It is possible to control three states of / reverse rotation.

Next, the structure of the mirrors 2 to 4 according to this embodiment will be described. 4 and 5 show an example of the structure of the mirror. In this case, the mirrors 2 to 4 are constructed in substantially the same manner, and therefore, in FIG.
Of the four, only the fender mirror 2 is shown. Also,
FIG. 5 is an enlarged plan view of the encoder 2c shown in FIG.

As shown in FIG. 4, in the mirror 2 according to this embodiment, an arc gear 22 is provided on the opposite side of the mirror surface 21. The motor 2a is provided so as to mesh with the gear 22, and the forward rotation / reverse rotation of the motor 2a enables the gear 22 and thus the mirror surface 21 to rotate about the shaft 23 in the left-right direction by, for example, 30 degrees each. An encoder 2c is provided at a predetermined position on the gear 22 to detect the current angle of the mirror surface 21.

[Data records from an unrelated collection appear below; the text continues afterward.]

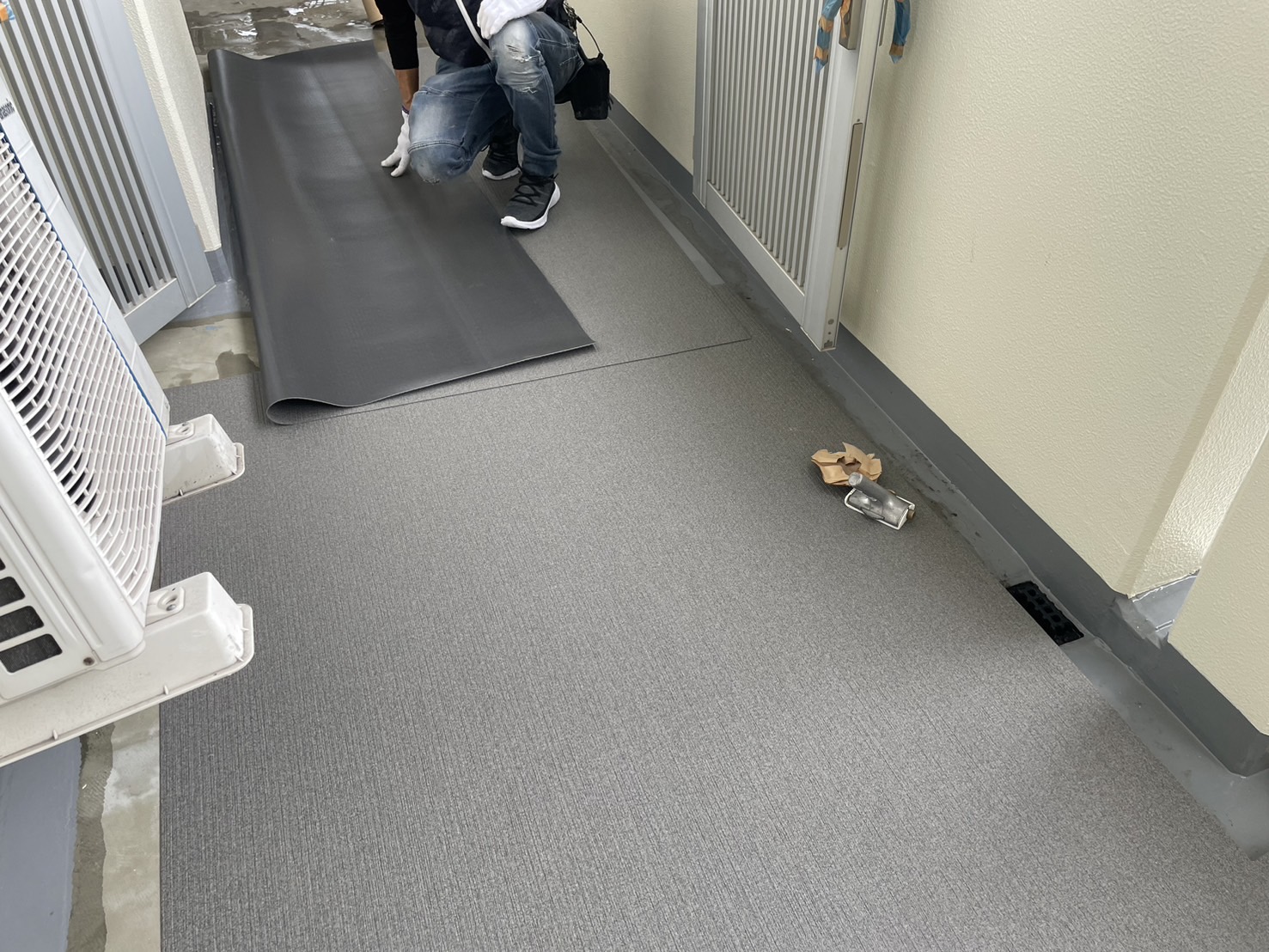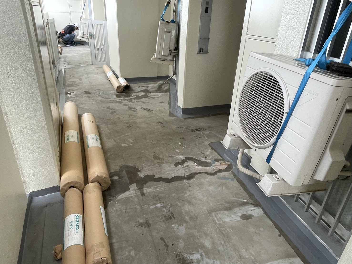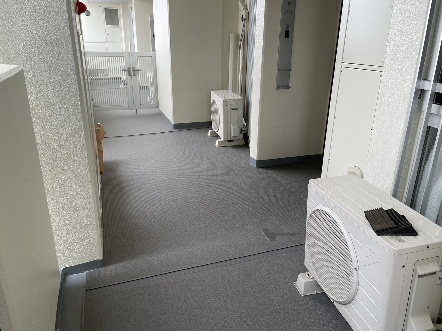 15階~14階の共用廊下の長尺シート張りをおこないました。
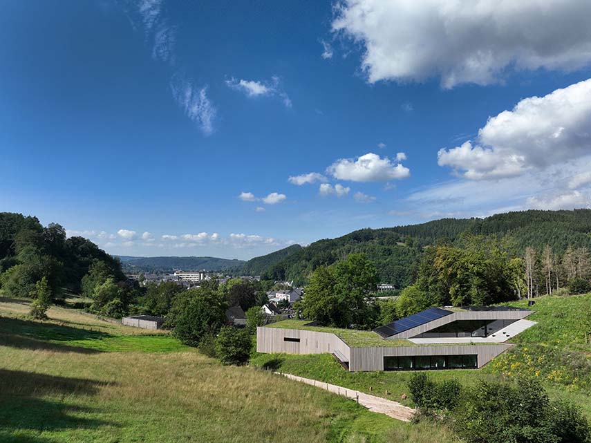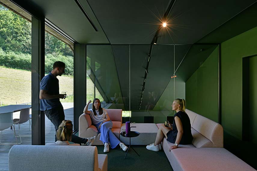 Le projet du siège de crahayjamaigne naît à la frontière entre urbanisation et nature, à un point où la ville se retire et laisse place à la végétation. Le volume, de forme fluide et organique, s'insinue dans le sol, disparaît dans la colline et se laisse traverser par le paysage. L'accès, discret, est obtenu par une coupe dans la pente menant à l'entrée couverte et au parking souterrain.
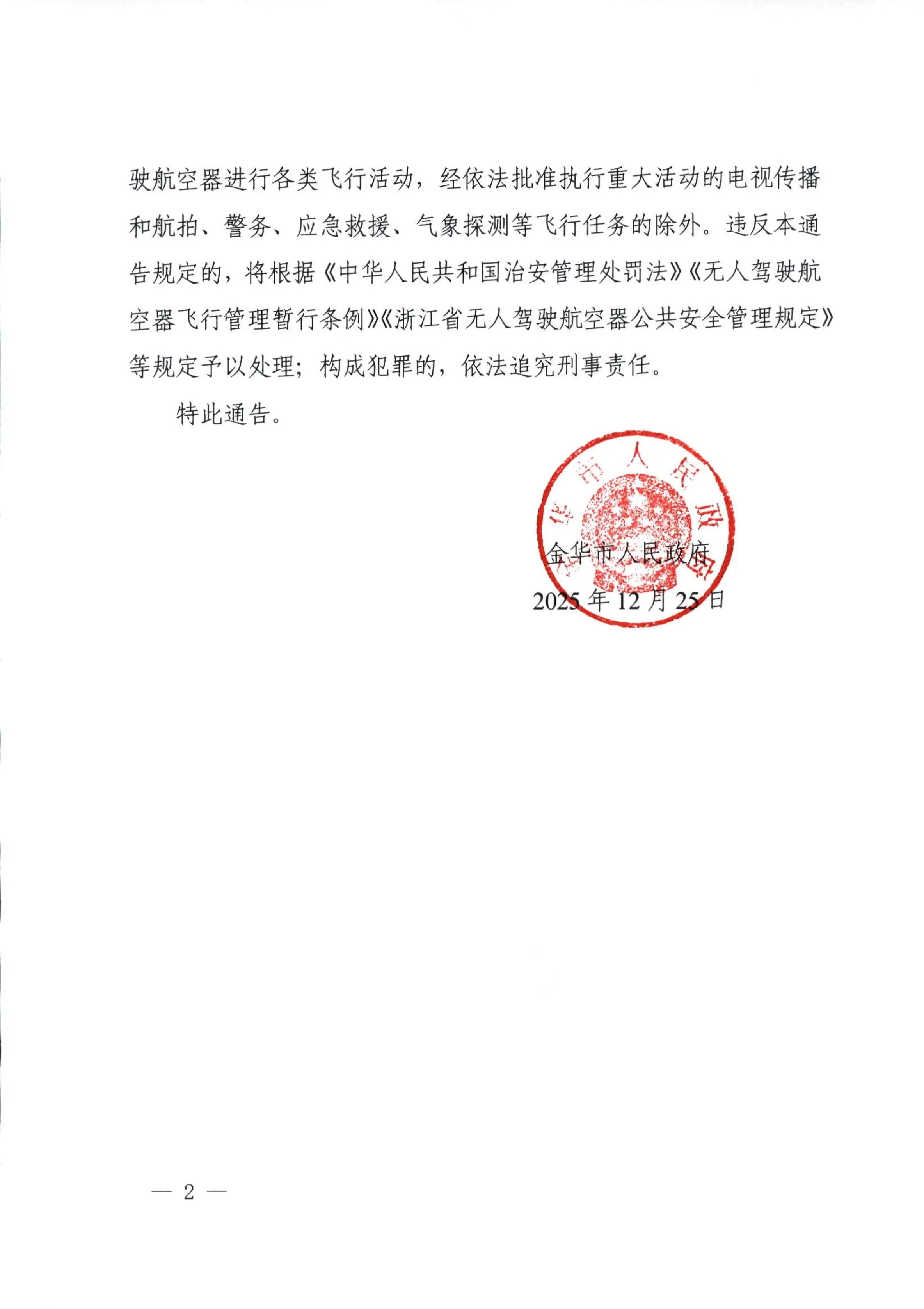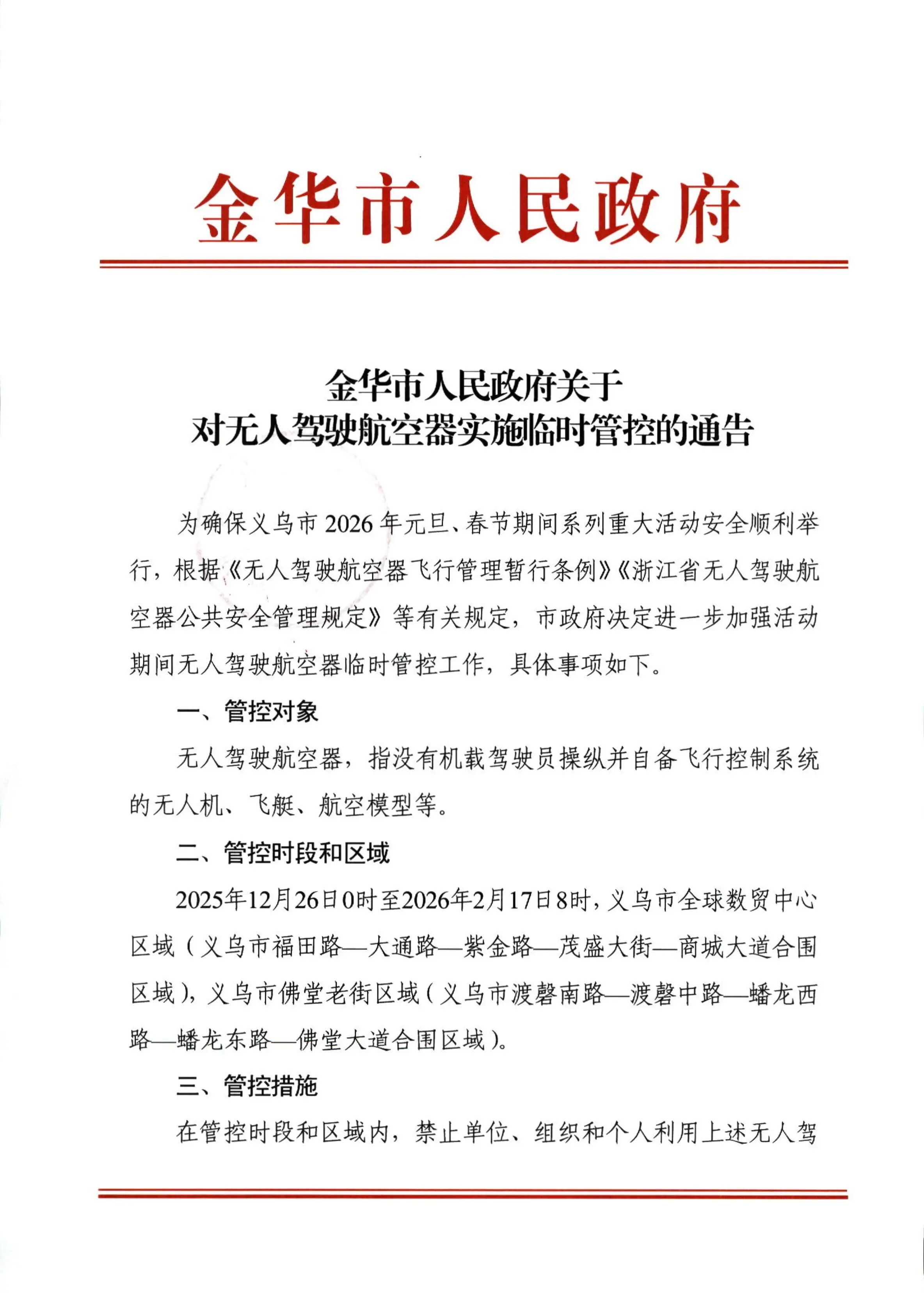 为确保义乌市2026年元旦、春节期间系列重大活动安全顺利举行,金华市人民政府决定自2025年12月26日0时至2026年2月17日8时,对义乌市全球数贸中心及佛堂老街区域进行临时性空域管控,相关事项公告如下:

The encoder 2c has a line-shaped optical sensor 24, as shown in FIG. This optical sensor 24
Is fixed, and a black-and-white pattern previously written on one surface of the gear 22 is optically read, and a digital value corresponding to the angle at that time is output. In this case, for example, 8-bit, 256-stage output is used for each 30 ° angle change in the left-right direction. In particular,
For example, information of 1 and 0 of 8-bit data is recorded on the surface on the gear 22 corresponding to white and black, and the angle of the mirror surface 21 is detected by reading the information with the optical sensor 24.

Although the motor 2a and the encoder 2c for the horizontal direction of the mirror 2 are shown here, the motor 2b and the encoder 2c for the vertical direction are also configured similarly.

FIG. 6 shows an example of the construction of the driver's seat 5. As shown in FIG. 6, an encoder 5a is provided on the lower side of the seat 5, for example. This encoder 5a is
The position of the seat 5 in the front-rear direction is read by the optical sensor 5b, and the information on the position of the seat 5 in the front-rear direction is supplied to the controller 11 of the control box 1 as 8-bit data. The configuration of the encoder 5a is similar to that of the encoder 2c shown in FIG.

Next, an operation example of the automatic mirror angle adjusting apparatus according to this embodiment, which is configured as described above, will be described.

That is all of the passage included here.